While we Gen X parents do bring certain strengths to our roles as parents -- such as our aforementioned comfort with diversity and willingness to be very hands-on in our child rearing -- we also face unique dilemmas.

One of these challenges will be in not letting the fact that we often share our kids' tastes in music, movies, TV and books turn us into pals rather than parents. When I was a kid in the '70s, there were the "cool parents" like my own who listened to the Stones, Joni Mitchell and Little Feat, and the "old parents" who came of age in the '50s rather than the '60s and favored Pat Boone and Lawrence Welk. Today, however, Gen X parents and their kids were both raised on the same rock 'n' roll, which has now been around long enough that icons like David Bowie and Steven Tyler have fans ranging in age from 10 to 55. As a result, Gen Xers and their kids are a lot less likely to argue over which radio station plays in the minivan. These parents and their kids both like Green Day, Good Charlotte and Eminem. In my own family, my 12-year-old son wears the same black Chuck Taylor Hi-Tops favored by his civil engineer father, and they both share a fondness for old-school hip-hop.

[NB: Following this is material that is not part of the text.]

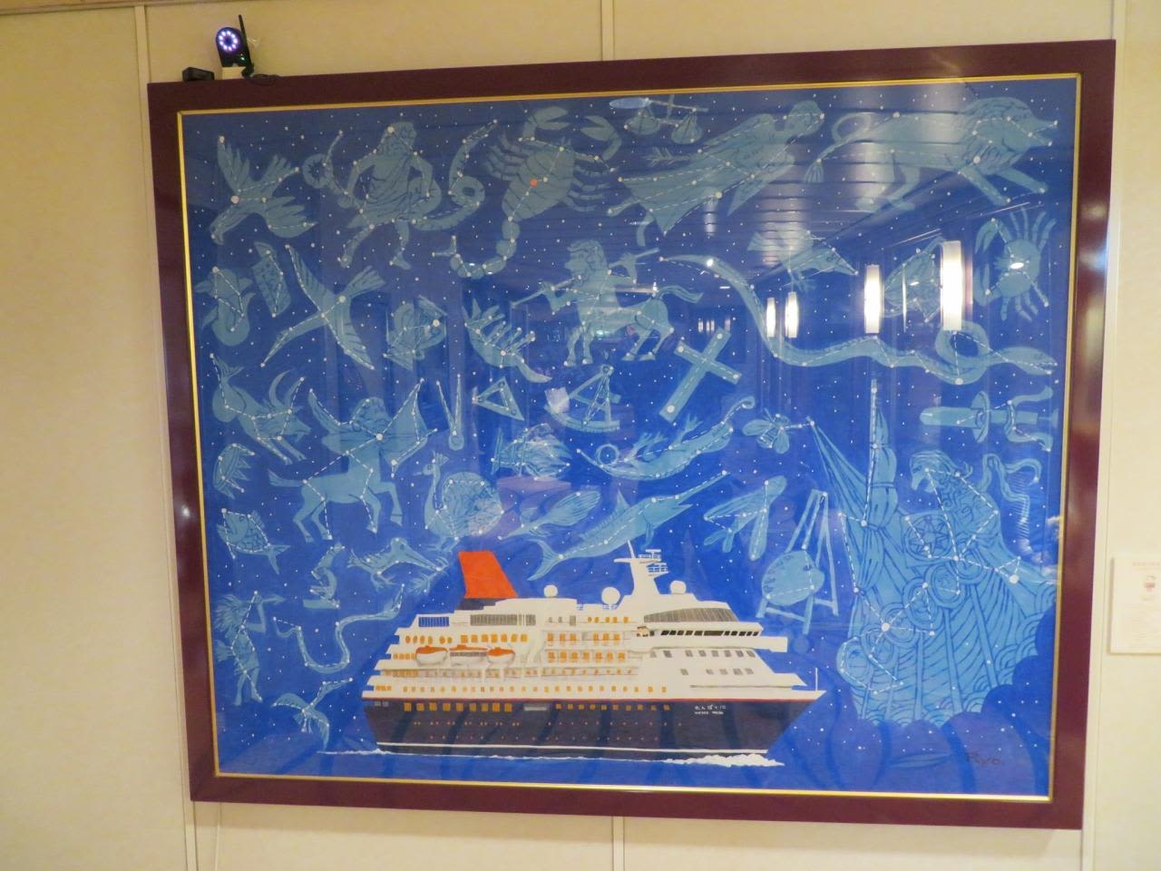 商船三井名誉船長の柳原良平さんが2008年に にっぽん丸に乗船した時に描いた絵画『南半球の星座たち』
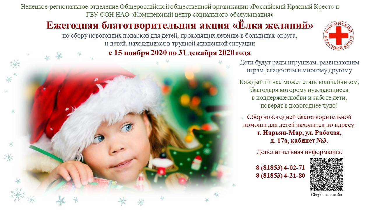 Акция «Ёлка желаний» продлится до конца декабря. Сбор подарков проходит по адресу: Нарьян-Мар, улица Рабочая, дом 17а, кабинет №3. Дистанционно сделать пожертвование можно с помощью QR кода.

"My son Jones and I both love 'The Simpsons,' which I consider to be the classic Gen X crossover cartoon," says Robert Allison. "Jones 'gets it' on one level, while I get it on an entirely different level. To him it's like 'The Flintstones,' while to me it's like 'Seinfeld.' Yet we can both watch it and appreciate it at the same time. My dad and I couldn't watch anything together until I was 14 and I finally liked the news."

Marrit Ingman, a 31 year-old mother of one from Austin, TX says that she finds herself and her child referencing the same pop culture touchpoints, something that rarely happened with her own parents when she was a child.

"My son is 19 months old," explains Ingman. "At breakfast yesterday I told him my eyes were crusty from sleep. He said, "Hey, hey!" and gave me a cheese-eating grin and I realized he thought I was talking about Krusty the clown."

Despite our pop cultural literacy, in one way, we Gen X parents are exactly the same as those who have parented before us; no matter how much we talk, read, write, and think about our own parenting, we wont be able to get a clear picture of what we did right and where we went wrong until our own offspring are grown and can tell us  and their therapists.